→ INPUT MATERIAL
::::
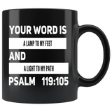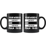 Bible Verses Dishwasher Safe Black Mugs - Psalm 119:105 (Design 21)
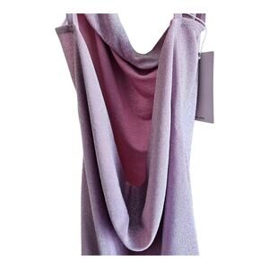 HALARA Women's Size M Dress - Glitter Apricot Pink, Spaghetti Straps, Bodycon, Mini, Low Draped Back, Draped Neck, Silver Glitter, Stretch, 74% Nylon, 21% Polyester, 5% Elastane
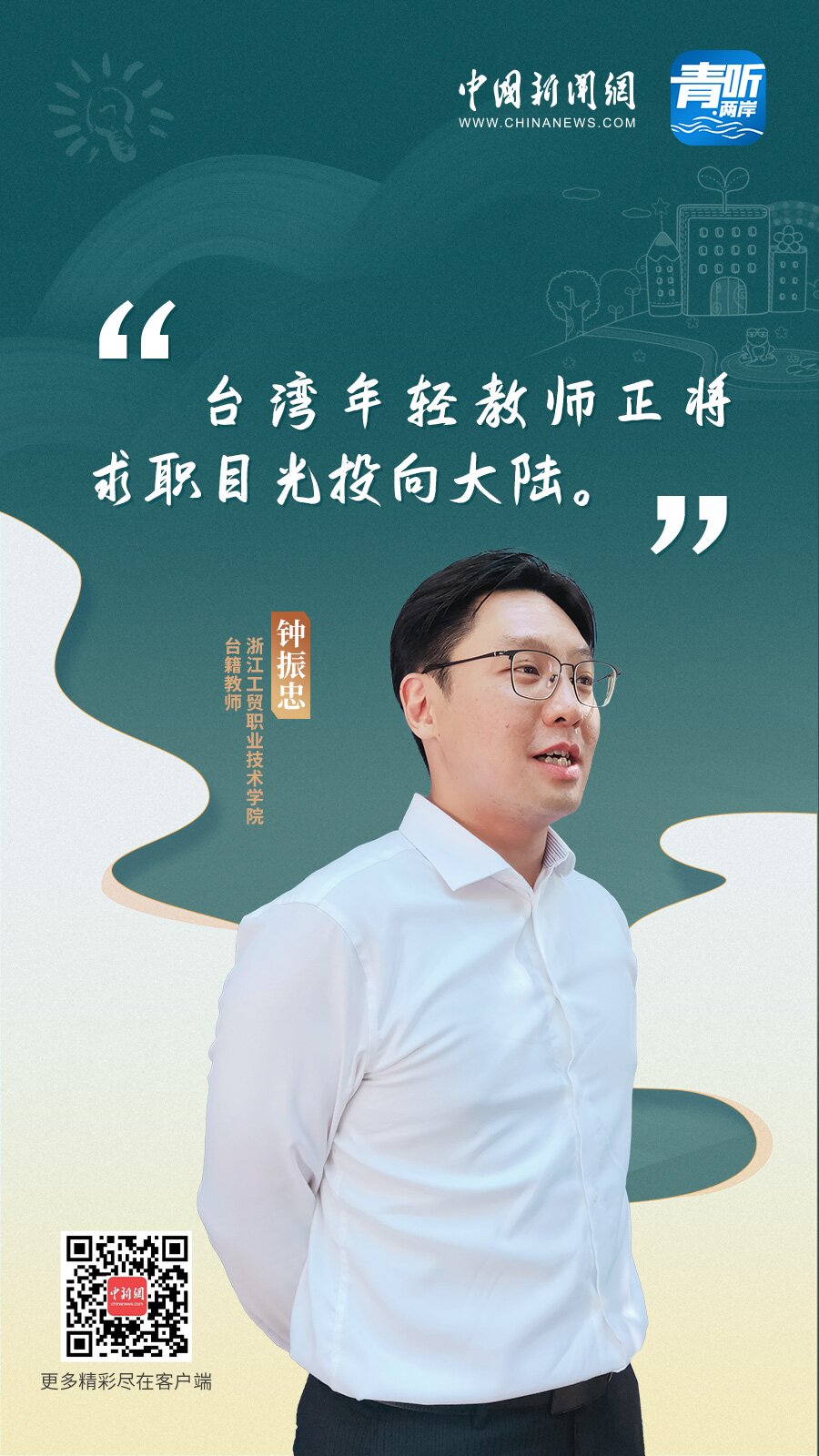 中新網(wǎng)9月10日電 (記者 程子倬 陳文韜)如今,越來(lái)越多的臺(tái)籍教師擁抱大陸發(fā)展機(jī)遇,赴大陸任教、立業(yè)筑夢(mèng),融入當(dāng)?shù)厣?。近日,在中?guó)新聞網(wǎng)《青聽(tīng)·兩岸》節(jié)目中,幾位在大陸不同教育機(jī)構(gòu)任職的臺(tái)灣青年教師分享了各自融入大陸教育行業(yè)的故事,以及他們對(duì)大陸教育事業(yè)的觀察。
::::
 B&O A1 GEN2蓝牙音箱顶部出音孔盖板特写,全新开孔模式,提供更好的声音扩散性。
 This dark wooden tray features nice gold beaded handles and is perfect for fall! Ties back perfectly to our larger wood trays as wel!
::::
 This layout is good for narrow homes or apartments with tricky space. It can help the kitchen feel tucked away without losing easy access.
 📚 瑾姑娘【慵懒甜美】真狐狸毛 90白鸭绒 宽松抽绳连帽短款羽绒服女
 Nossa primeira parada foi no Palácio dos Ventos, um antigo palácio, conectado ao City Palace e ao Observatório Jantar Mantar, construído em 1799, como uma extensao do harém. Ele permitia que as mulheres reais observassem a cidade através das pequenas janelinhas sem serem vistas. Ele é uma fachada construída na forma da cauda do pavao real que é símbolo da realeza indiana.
::::
→ EXERCISE BRIEF
From the material above, give again exactly the lines from the one that contains "Bible Verses Dishwasher" through the one that contains "中新網(wǎng)9月10日電 (記者 程子倬", and leave out the pictures.

→ WORKED SOLUTION
 Bible Verses Dishwasher Safe Black Mugs - Psalm 119:105 (Design 21)
 HALARA Women's Size M Dress - Glitter Apricot Pink, Spaghetti Straps, Bodycon, Mini, Low Draped Back, Draped Neck, Silver Glitter, Stretch, 74% Nylon, 21% Polyester, 5% Elastane
 中新網(wǎng)9月10日電 (記者 程子倬 陳文韜)如今,越來(lái)越多的臺(tái)籍教師擁抱大陸發(fā)展機(jī)遇,赴大陸任教、立業(yè)筑夢(mèng),融入當(dāng)?shù)厣?。近日,在中?guó)新聞網(wǎng)《青聽(tīng)·兩岸》節(jié)目中,幾位在大陸不同教育機(jī)構(gòu)任職的臺(tái)灣青年教師分享了各自融入大陸教育行業(yè)的故事,以及他們對(duì)大陸教育事業(yè)的觀察。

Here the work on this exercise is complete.